Он окунулся с головой в дело, а в душе где-то сбоку чуть слышно ныла маленькая райка, ныла, отравляя привычное дело. Мимоходом Борис Николаевич пытался «выслушать» свою душу. Тогда ранка как будто переставала сочиться. А стоило вернуться к будням жизни, и опять это начиналось. И эта неуловимая боль разлагала жизнь на мертвые элементы, бессмысленные, ненужные в своей обособленности…

Он сидел за обедом и слушал, как жует жена, прислушивался к собственному жеванию, представлял его как врач. Ах, как это ненужно и некрасиво! И этот обед и два приставленные к нему жевательные аппарата!.. Вот дом себе нажил. Зачем?

Испортятся оба эти жевательные аппарата, вынесут их отсюда с предосторожностями, подальше от дома, и закопают поглубже в землю.

— Хороший у нас, Наташа, дом… стильный.

— Хороший.

— А хорошо бы, Наташа, бросить его…

Наталья Алексеевна посмотрела на него внимательным взглядом и поняла, о чем он говорит.

— Что ж, давай бросим, — сказала она. — Не мы для дома живем, а дом для нас строился.

— К сожалению, не совсем это так, и, во всяком случае, у нашего дома больше шансов на бессмертие, чем у нас с тобой.

Наталья Алексеевна перестала есть.

— Боря, ты скажи ясней… Я ведь давно вижу, что у тебя назрело что-то новое.
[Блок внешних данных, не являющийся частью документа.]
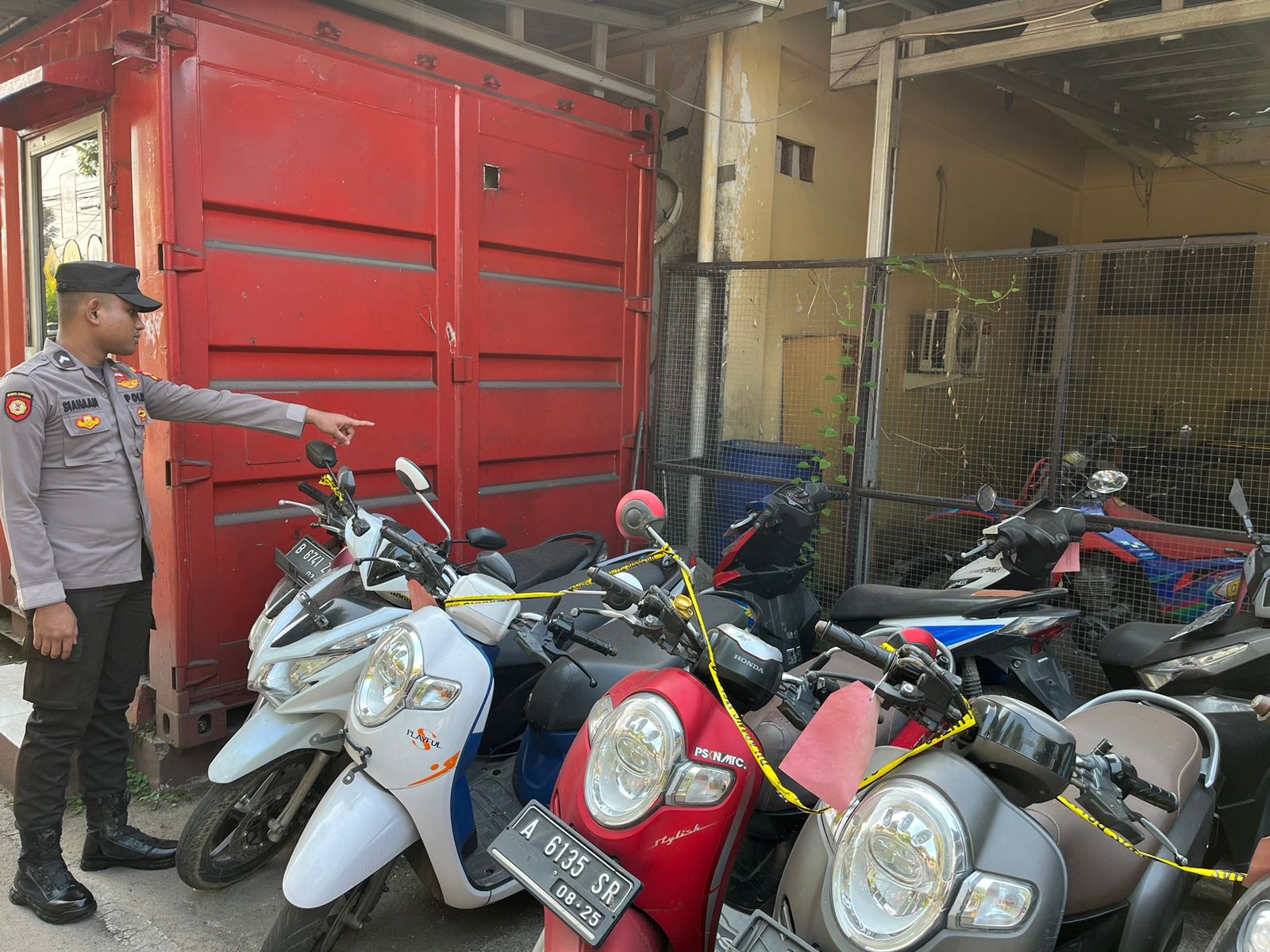 Cilegon, Polres Cilegon Polda Banten. Di gudang barang bukti Polres Cilegon. Anggota SatTahti polres cilegon mengecek barang bukti. (09/04/2026)

А?

Борис Николаевич ничего не ответил, а Наталья Алексеевна стала говорить искренним, всегда проникавшим в душу голосом, что жизнь их, в сущности, и самой ей начинает казаться скучной и бесцельной.

— Может быть, оттого еще, что детей у нас нет. Если ты, Боря, нашел новую дорогу, так что же нам мешает пойти по ней!

— Никакой дороги я не нашел и не ищу.

Видел он, что теплые слова ее, оставаясь за порогом его души, не греют, не нужна ее любовь и дружба. И эта ненужность была для Бориса Николаевича едва ли не самой большой неожиданностью. Когда он и Наталья Алексеевна встретились в жизни и узнали друг друга, оба увидели, что созданы один для другого. Их любовь, страстная и глубокая, была всегда освещена полным взаимным пониманием, тожеством убеждений. Они всегда были чуткими друзьями. И то, что она была практичнее и энергичнее его, создавало покой и удобство в их жизни, делало ее законченной.

Были и невзгоды, тогда он находил в ней сильного товарища и горе переносилось легко, а будущее казалось таким ласковым, светлым, как смех Натальи Алексеевны. Но вошла жизнь в какую-то мертвую полосу и стала тлением, кто-то дохнул на нее — завяли и осыпались ее цветы. Несчастья не случилось. Но произошло что-то неизмеримо большее, чем пережитые доселе счастье и несчастье, и стало ясно, что дружба и любовь жены уже не помогут: бессильны и скучны они, как этот полный ими дом.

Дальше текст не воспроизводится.